_Data extracts:_

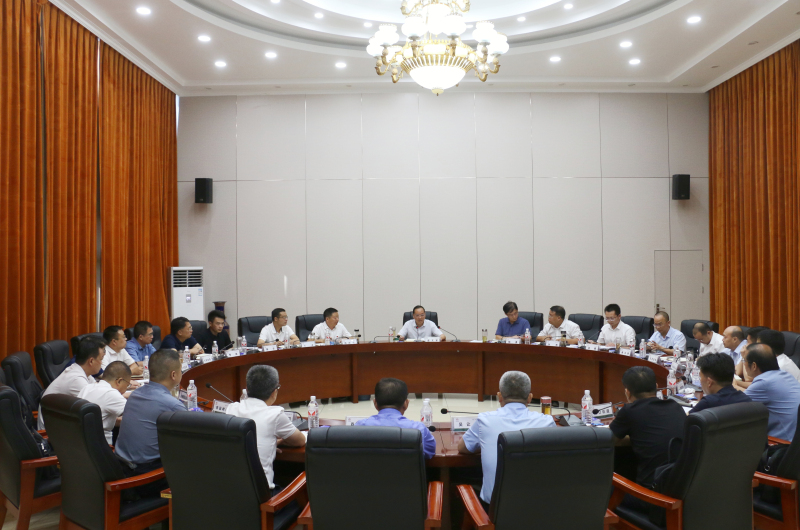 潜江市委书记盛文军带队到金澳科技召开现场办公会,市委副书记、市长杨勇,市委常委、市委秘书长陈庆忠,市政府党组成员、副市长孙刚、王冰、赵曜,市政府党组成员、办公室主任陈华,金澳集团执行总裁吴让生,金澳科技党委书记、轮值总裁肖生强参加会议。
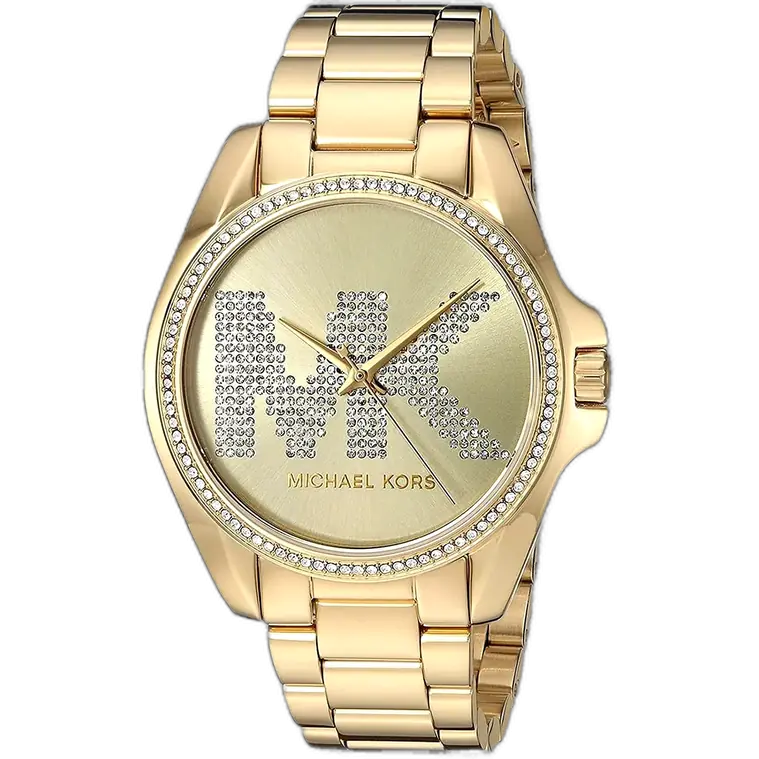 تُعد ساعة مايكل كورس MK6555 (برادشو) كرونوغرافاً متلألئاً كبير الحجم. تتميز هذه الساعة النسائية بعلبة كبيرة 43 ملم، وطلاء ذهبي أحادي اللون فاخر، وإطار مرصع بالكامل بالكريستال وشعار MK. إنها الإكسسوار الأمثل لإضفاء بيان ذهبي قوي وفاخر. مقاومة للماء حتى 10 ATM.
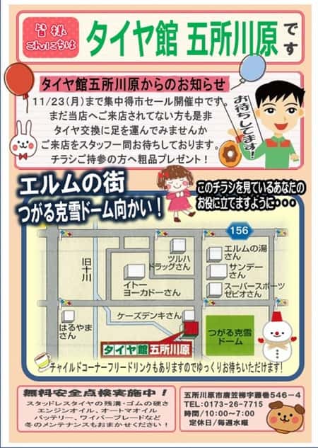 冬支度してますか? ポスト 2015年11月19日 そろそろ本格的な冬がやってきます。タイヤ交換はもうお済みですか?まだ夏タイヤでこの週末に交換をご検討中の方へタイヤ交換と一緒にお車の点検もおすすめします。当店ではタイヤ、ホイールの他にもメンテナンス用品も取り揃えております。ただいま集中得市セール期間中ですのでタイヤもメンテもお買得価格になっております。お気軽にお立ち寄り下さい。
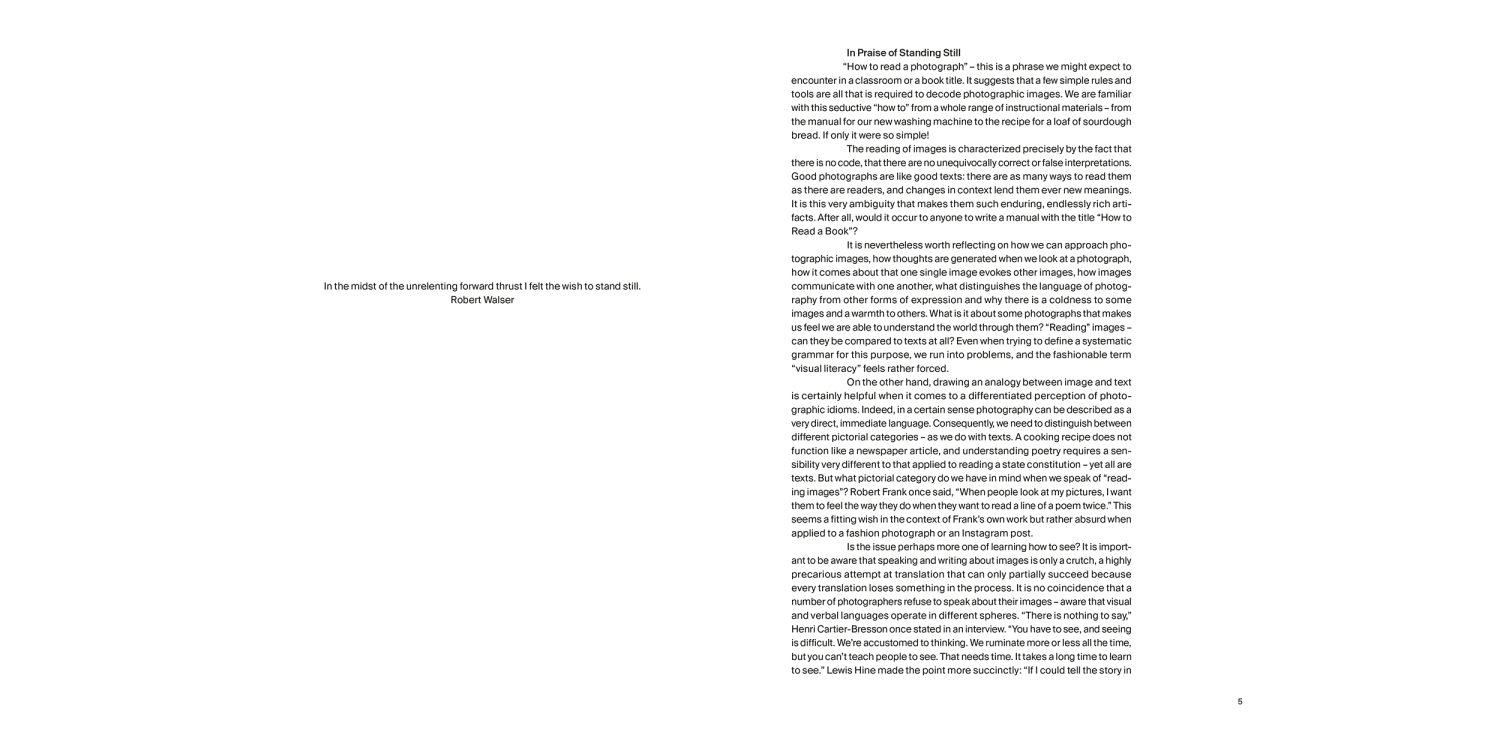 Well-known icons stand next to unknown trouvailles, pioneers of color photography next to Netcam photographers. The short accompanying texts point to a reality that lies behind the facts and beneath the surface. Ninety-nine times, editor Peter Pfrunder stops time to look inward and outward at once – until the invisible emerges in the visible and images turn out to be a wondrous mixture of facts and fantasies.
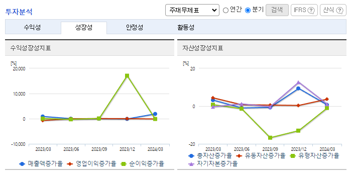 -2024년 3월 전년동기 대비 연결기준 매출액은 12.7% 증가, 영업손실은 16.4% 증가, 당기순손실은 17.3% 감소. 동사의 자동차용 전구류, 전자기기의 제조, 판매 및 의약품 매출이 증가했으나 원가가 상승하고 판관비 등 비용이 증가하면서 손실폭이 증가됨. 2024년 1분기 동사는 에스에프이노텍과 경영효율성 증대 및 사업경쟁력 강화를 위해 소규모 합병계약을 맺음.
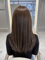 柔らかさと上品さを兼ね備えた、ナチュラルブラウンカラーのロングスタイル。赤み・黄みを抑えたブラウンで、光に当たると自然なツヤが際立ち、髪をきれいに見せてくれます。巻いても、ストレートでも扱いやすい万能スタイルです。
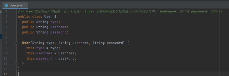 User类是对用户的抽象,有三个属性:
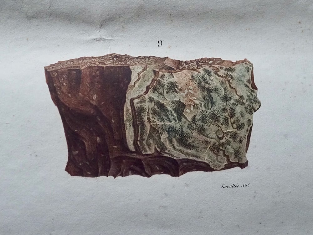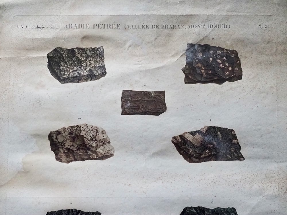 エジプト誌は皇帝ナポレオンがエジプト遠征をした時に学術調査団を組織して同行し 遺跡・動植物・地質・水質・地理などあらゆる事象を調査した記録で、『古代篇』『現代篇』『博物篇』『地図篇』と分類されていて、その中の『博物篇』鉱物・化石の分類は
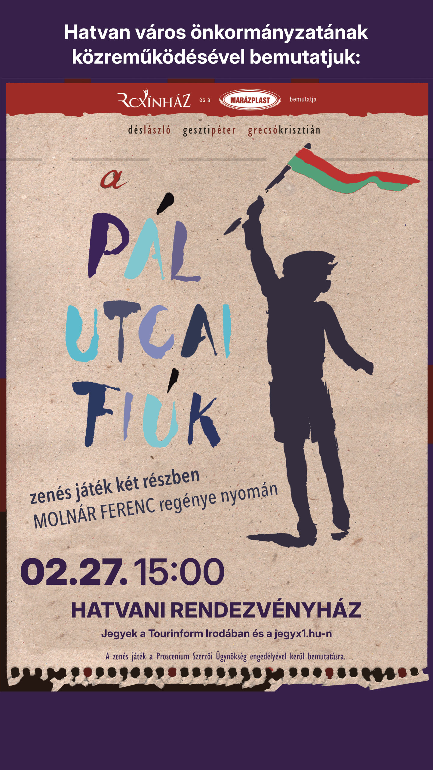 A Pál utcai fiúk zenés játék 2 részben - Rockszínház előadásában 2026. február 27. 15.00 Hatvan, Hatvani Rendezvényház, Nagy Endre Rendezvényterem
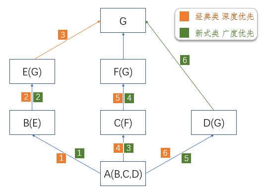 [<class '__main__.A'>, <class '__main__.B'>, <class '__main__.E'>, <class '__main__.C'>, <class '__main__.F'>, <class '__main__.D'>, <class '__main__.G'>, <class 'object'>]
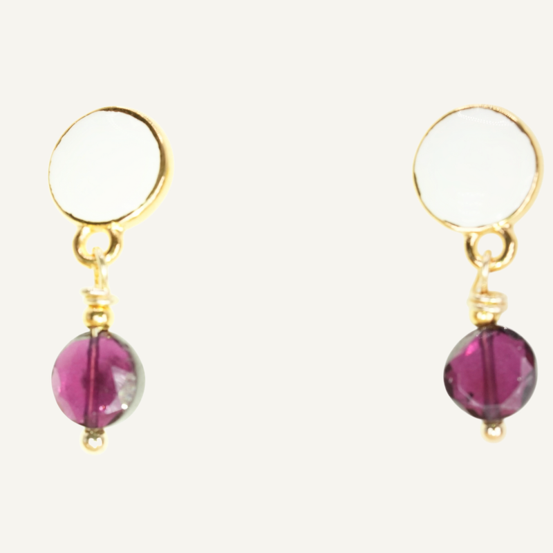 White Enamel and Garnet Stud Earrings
==
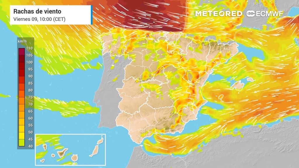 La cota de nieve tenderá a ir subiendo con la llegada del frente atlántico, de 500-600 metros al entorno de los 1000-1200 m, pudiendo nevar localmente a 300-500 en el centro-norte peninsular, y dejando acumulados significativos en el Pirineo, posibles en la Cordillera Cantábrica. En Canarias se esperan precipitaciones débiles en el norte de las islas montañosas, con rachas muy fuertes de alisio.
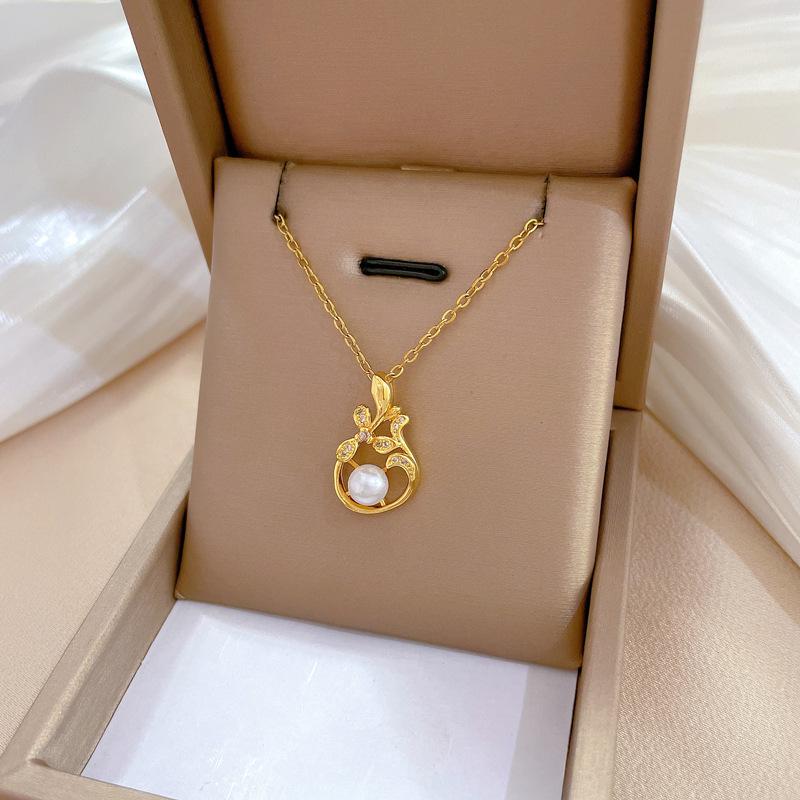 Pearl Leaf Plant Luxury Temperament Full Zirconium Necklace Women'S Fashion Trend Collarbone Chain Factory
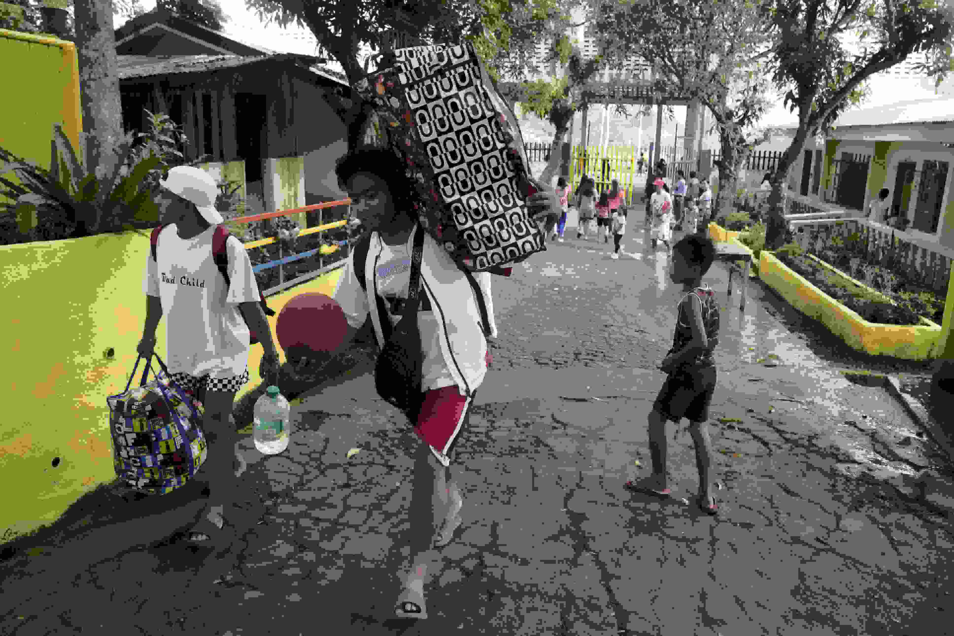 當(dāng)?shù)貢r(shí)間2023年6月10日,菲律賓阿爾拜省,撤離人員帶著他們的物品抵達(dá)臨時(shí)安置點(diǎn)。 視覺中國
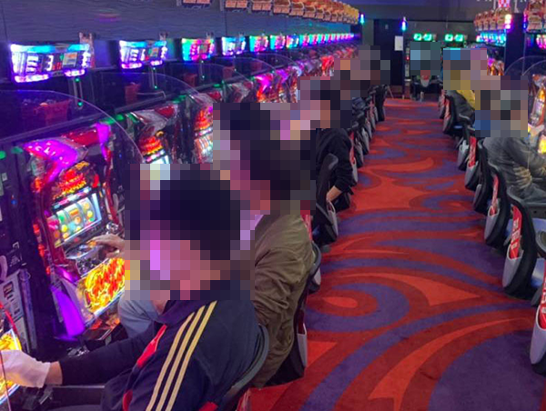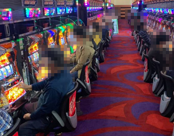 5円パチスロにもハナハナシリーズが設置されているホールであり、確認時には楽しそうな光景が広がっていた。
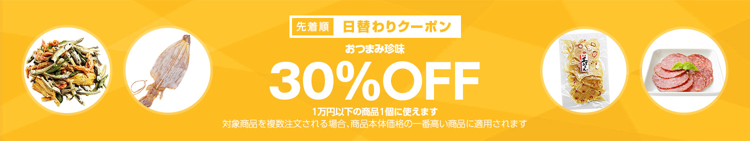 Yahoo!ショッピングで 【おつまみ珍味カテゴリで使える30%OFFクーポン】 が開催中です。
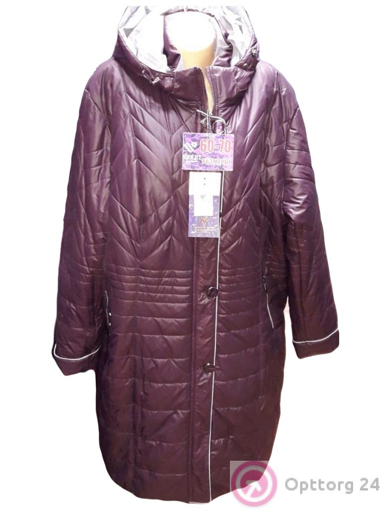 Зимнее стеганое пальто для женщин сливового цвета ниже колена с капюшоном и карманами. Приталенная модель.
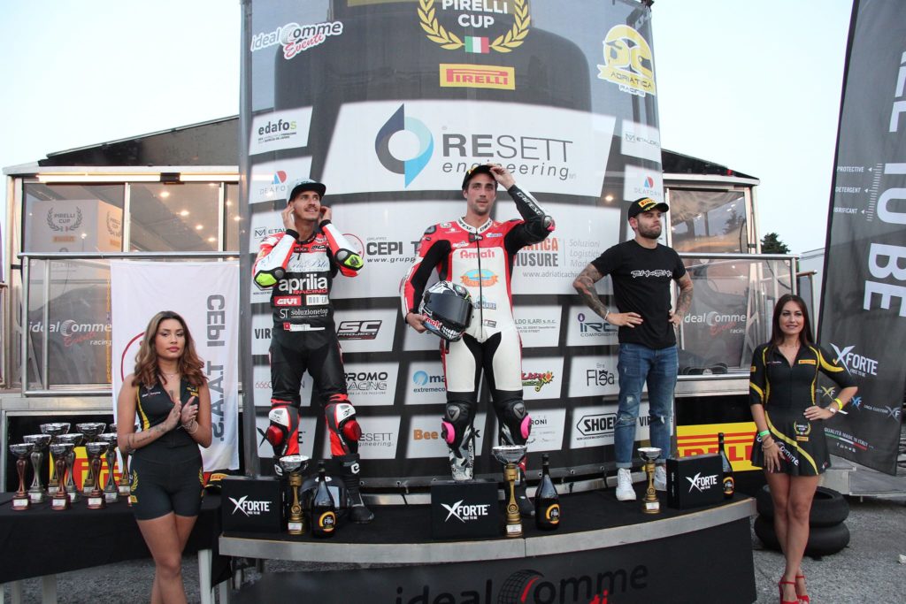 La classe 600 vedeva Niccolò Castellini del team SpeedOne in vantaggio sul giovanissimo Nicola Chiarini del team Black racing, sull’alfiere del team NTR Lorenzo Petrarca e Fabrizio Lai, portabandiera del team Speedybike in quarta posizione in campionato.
...
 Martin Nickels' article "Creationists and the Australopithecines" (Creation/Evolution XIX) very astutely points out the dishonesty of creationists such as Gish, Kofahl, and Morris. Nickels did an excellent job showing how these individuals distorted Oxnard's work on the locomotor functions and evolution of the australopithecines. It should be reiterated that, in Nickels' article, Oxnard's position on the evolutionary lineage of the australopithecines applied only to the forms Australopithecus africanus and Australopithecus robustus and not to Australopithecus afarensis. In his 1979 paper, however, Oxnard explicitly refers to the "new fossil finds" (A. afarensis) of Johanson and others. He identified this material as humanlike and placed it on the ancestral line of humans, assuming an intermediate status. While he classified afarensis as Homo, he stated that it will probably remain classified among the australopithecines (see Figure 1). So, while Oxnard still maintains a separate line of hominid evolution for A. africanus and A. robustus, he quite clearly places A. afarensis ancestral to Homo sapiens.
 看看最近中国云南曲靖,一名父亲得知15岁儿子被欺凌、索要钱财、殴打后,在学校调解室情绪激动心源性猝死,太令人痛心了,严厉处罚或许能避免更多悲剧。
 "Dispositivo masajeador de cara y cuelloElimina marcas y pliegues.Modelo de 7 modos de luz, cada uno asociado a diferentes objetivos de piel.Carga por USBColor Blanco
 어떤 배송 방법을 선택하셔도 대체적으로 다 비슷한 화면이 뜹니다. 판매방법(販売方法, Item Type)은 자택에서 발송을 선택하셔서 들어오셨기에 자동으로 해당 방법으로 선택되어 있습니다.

_What to work on:_ Print the lines above from the one with "por USBColor Blanco" through the one with "어떤 배송 방법을 선택하셔도", both included, exactly as written and nothing more.

_Exercise result:_
 "Dispositivo masajeador de cara y cuelloElimina marcas y pliegues.Modelo de 7 modos de luz, cada uno asociado a diferentes objetivos de piel.Carga por USBColor Blanco
 어떤 배송 방법을 선택하셔도 대체적으로 다 비슷한 화면이 뜹니다. 판매방법(販売方法, Item Type)은 자택에서 발송을 선택하셔서 들어오셨기에 자동으로 해당 방법으로 선택되어 있습니다.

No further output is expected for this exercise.